Le mutazioni nel fattore di crescita EGFR gene sono presenti in circa il 10/ 15 per cento dei pazienti con la forma più comune di tumore del polmone non a piccole cellule (NSCLC). La maggior parte di NSCLCs ospitano queste mutazioni EGFR, chiamate mutazioni attivanti e rispondono a EGFR  farmaci inibitori come erlotinib e gefitinib. La maggioranza di questi tumori, tuttavia, sviluppa resistenza a questi farmaci in circa 9/11 mesi. In molti casi, questo è dovuto alle cellule tumorali che acquisiscono una seconda mutazione chiamata EGFR T790M, nota anche come “mutazione resistenza”.

“Non ci sono terapie approvate per il trattamento di pazienti affetti da tumore del polmone che sviluppano la seconda mutazione di EGFR che blocca il lavoro dei farmaci attualmente disponibili”, ha spiegato Susan Galbraith,  capo della Innovative Medicines Unità Oncologica presso Astra Zeneca. “La svolta innovativa è stata trovata in una serie di molecole che potrebbero avere come bersaglio le forme mutanti di resistenza di EGFR e che hanno portato allo sviluppo del nuovo inibitore della chinasi di EGFR, chiamato AZD9291.

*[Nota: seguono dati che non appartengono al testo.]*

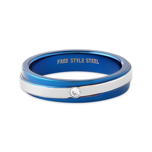 チタンブルーのさわやかな印象のステンレスリング。シンプルなリングもカラーリング一つでこんなにも印象的なリングに仕上がります。センターにセットされたジルコニアも印象的です。医療用にも用いられる素材を使用しているので金属アレルギーの方も安心してお使い頂けます。
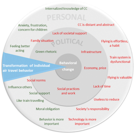 In this study, we use the spheres to investigate incentives (defined as factors driving the process of reducing flying) and barriers (defined as factors counteracting the change) to individual reduction of air travel. By mapping incentives and barriers in the personal and political spheres, we show how individual air travel behavior depends on beliefs, values, and worldviews (e.g., the perceptions of personal responsibility and emotions connected to climate change) as well as on political and social systems and structures (e.g., ticket prices and lack of alternative travel modes).

“AZD9291 è altamente attivo nei modelli preclinici di tumore del polmone ed è ben tollerato in modelli animali. Esso inibisce sia l’attivante che le mutazioni EGFR resistenti, mentre risparmia la forma normale di EGFR che è presente nella cute normale e cellule intestinali, riducendo così gli effetti collaterali riscontrati nei farmaci attualmente disponibili “, ha aggiunto il ricercatore.

Gli scienziati hanno dimostrato che il farmaco AZD9291 ha potentemente inibito le cellule del tumore del polmone con EGFR mutante, cresciute in laboratorio. Essi hanno  testato il farmaco su topi portatori di tumore del polmone con mutazioni attivanti e topi portatori di tumore del  polmone con mutazioni di resistenza. AZD9291 ha mostrato notevole riduzione del tumore in entrambi i gruppi di topi, dopo 14 giorni di trattamento. Dopo 40 giorni, i ricercatori non hanno trovato i tumori visibili in questi topi e questo effetto è stato sostenuto per più di 100 giorni. Hanno anche osservato riduzione del tumore del polmone in topi che sono stati geneticamente modificati per sviluppare tumori recanti sia l’attivazione che le mutazioni di resistenza.

Quando i ricercatori hanno analizzato i campioni di sangue raccolti dai topi trattati, hanno identificato un prodotto di degradazione di AZD9291 composto progenitore, che hanno chiamato AZ5104, circolante  nel sangue, in aggiunta ad AZD9291. Gli scienziati hanno poi scoperto che AZ5104 è anche un potente inibitore di attivazione e di resistenza mutazioni EGFR e hanno ipotizzato che esso può contribuire all’efficacia osservata dopo la somministrazione di AZD9291.

 AZD9291 potenziale nuovo farmaco per trattare il tumore del polmone avanzato resistente ai farmaci

Utilizzando i dati provenienti da analisi del sangue dei topi, i ricercatori hanno poi sviluppato un modello matematico per valutare la dinamica della conversione di AZD9291 in AZ5104 e gli effetti cumulativi  tumore-inibitori. Questi esperimenti hanno contribuito a determinare le dosi potenzialmente efficaci di AZD9291 nei pazienti affetti da tumori polmonari avanzati resistenti, che ospitano mutazioni EGFR .

“I risultati di studi preclinici sono stati recentemente tradotti in clinica, dove il farmaco ha già dimostrato il restringimento del tumore nei pazienti ed è stato ben tollerato con bassi tassi di effetti collaterali”, ha spiegato Galbraith.

“Il grado di risposta al trattamento con AZD9291 in un così breve periodo di tempo è molto eccitante. Questo nuovo farmaco ha il potenziale per offrire nuove opzioni di trattamento ai pazienti affetti da tumore polmonare resistente” ha concluso il ricercatore”.